WP2: DIALECT VARIATION
- Objective 2.1 Geolinguistic analysis of selected phonetic features, creation of diachronic phonetic maps of the non-standard phonetic inventory, creation of a proposal for the standardisation of Slovenian dialect transcription and its conversion into IPA (and SAMPA).
- Objective 2.2 Creation of synthetic synchronic phonetic maps to define the areas of non-standard phonemes in Slovenian dialects. Making recommendations to improve pronunciation-based transcription for the Slovenian spoken corpus.
- Objective 2.3 The creation and testing of diasystemic contrastive Tables of phonemes (dialect vs. standard).
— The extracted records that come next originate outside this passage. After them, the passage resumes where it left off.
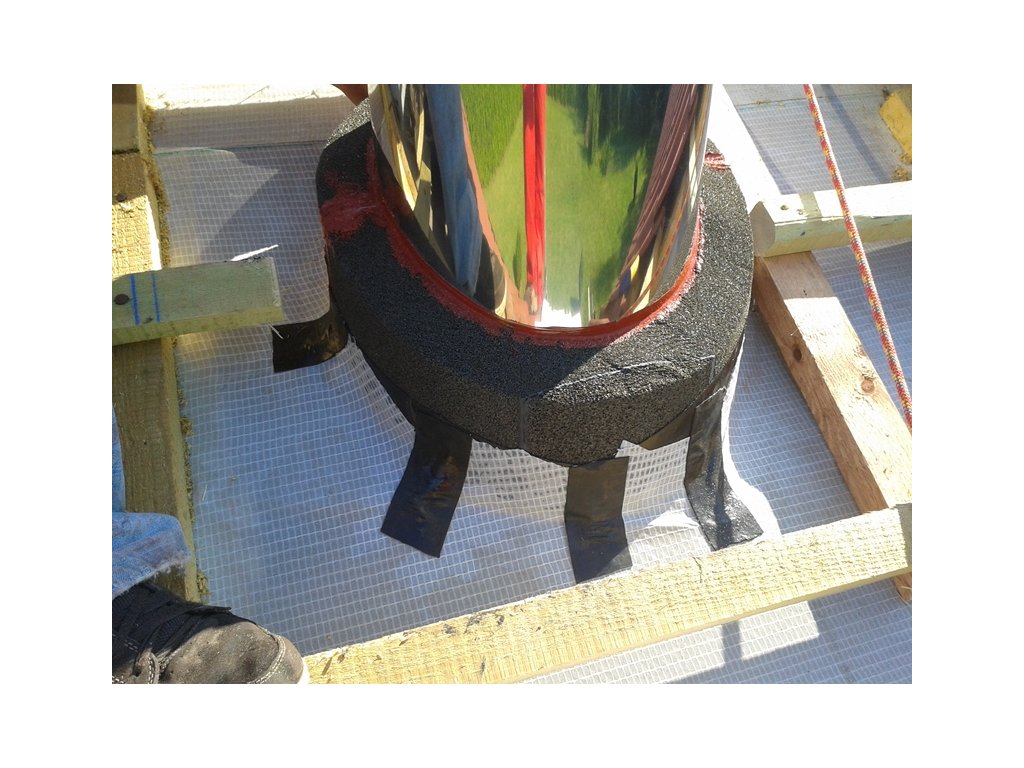 Vlastní prostup lze velmi jednoduše seříznout přesně dle potřeby v místě prostupu, je tedy vhodný i pro prostupy šikmými střešními konstrukcemi.
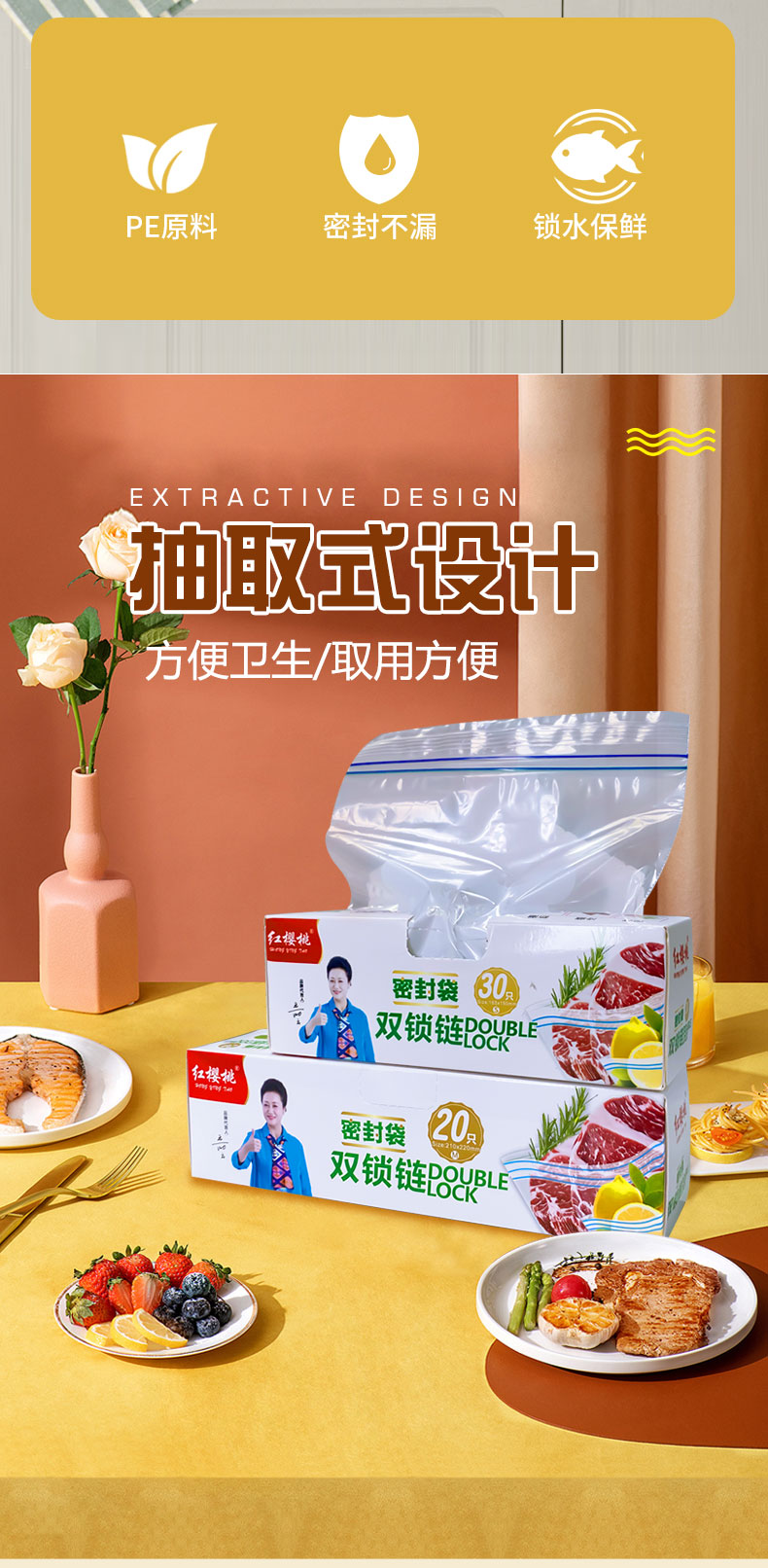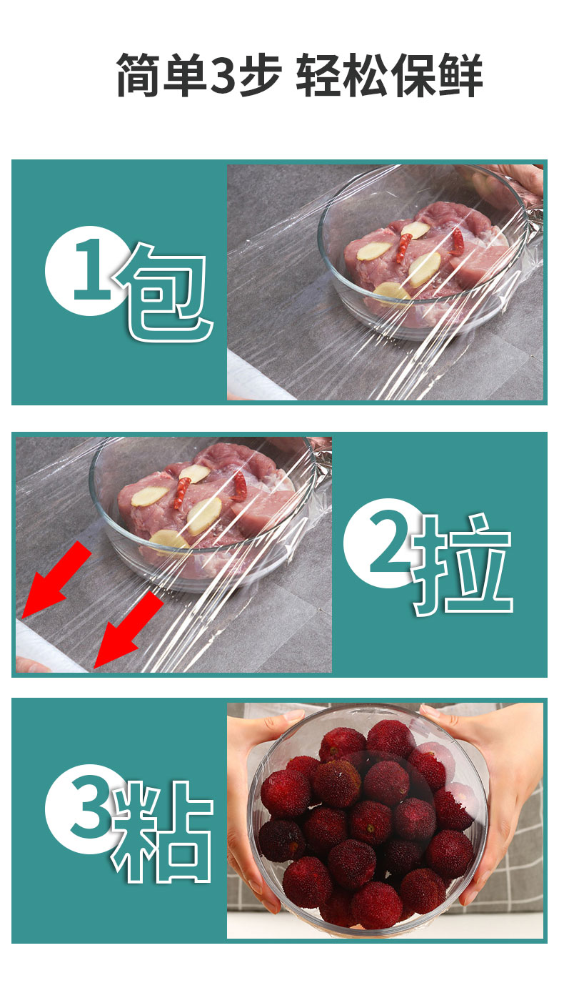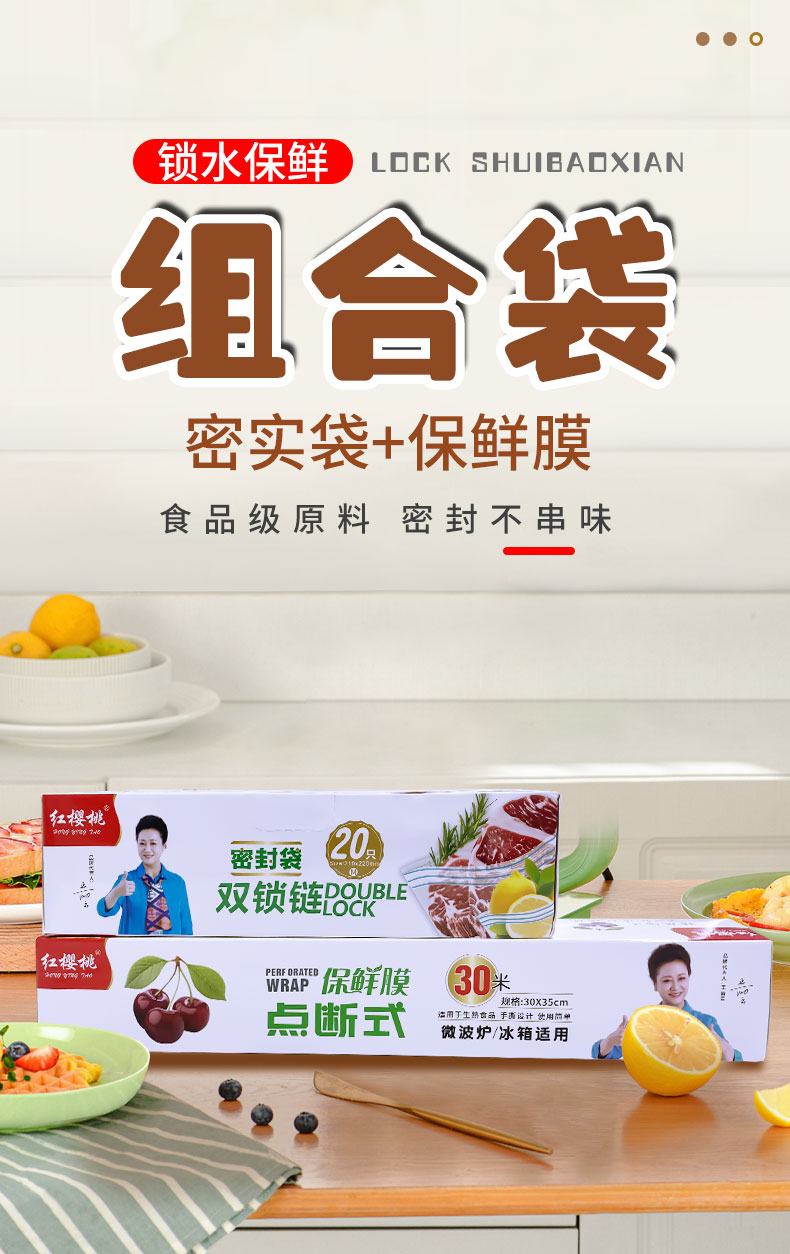 商品名称:保鲜膜密实袋组合家用经济装厨房微波炉耐高温蒸煮pe食品级专用(保鲜膜35cm*30m,密实袋20只,尺寸:210*220mm)) 透明
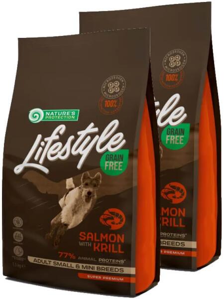 Natures Protection Lifestyle Dog Adult Grain Free Salmon with krill Small&mini 1,5kg Teljes értékű gabonamentes eledel mini és kistestű felnőtt kutyák részére. (Felnőttkori testtömeg 1-10kg. ) A Natures Protection Lifestyle Dog Adult Grain Free Salmon with krill Small&mini 1,5kg összetétele lazac 44% (szárított és finoman őrölt), burgonya pehely, borsó, szárnyaszsír,
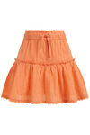 Jupe-culotte de coton regular fit à structure et bord de dentelle. Modèle à taille élastiquée avec cordons de serrage.

Establishement of transcription standards for phonetic transcription for spoken corpora
- Objective 2.4 Definition and evaluation of an optimal Slovenian phoneme set for Speech Recognition, taking into account newly defined dialect phonemes, similarity metrics and various available speech data.
WP3: SPEECH SEGMENTATION AND ANNOTATION
- Objective 3.1 Evaluation of the existing speech segments/utterances in Slovene spoken language resources regarding their appropriateness as the basic units for analysis of speech on syntactic and semantic level.
- Objective 3.2 The analysis of different types of disfluencies in spoken text, creation of a disfluencies training corpus and experiments for automatic annotation of disfluencies.
- Objective 3.3 The development of a linguistic processing pipeline based on speech and transcription data (both manual and automatic) and linguistic annotation of the GOS 2.0 corpus.
- Objective 3.4 Evaluation of the GORDAN dialogue act annotation scheme, its adjustment to the ISO 24617-2 Standard and creation of the training corpus with dialogue acts` annotations.
WP4: SPOKEN LEXIS
- Objective 4.1 The evaluation of existing information on spoken Slovene in the Sloleks lexicon, and the creation of linguistically sound guidelines for the inclusion of (non-standard) spoken data in Sloleks, comparable with machine-readable lexicons for other languages.
- Objective 4.2 Analysis of existing semantic information included in lexicographic resources for Slovene from the perspective of spoken Slovene, together with the analysis of the complementary spoken corpus data, and exploration of the principles of inclusion of the findings in lexicographic resources.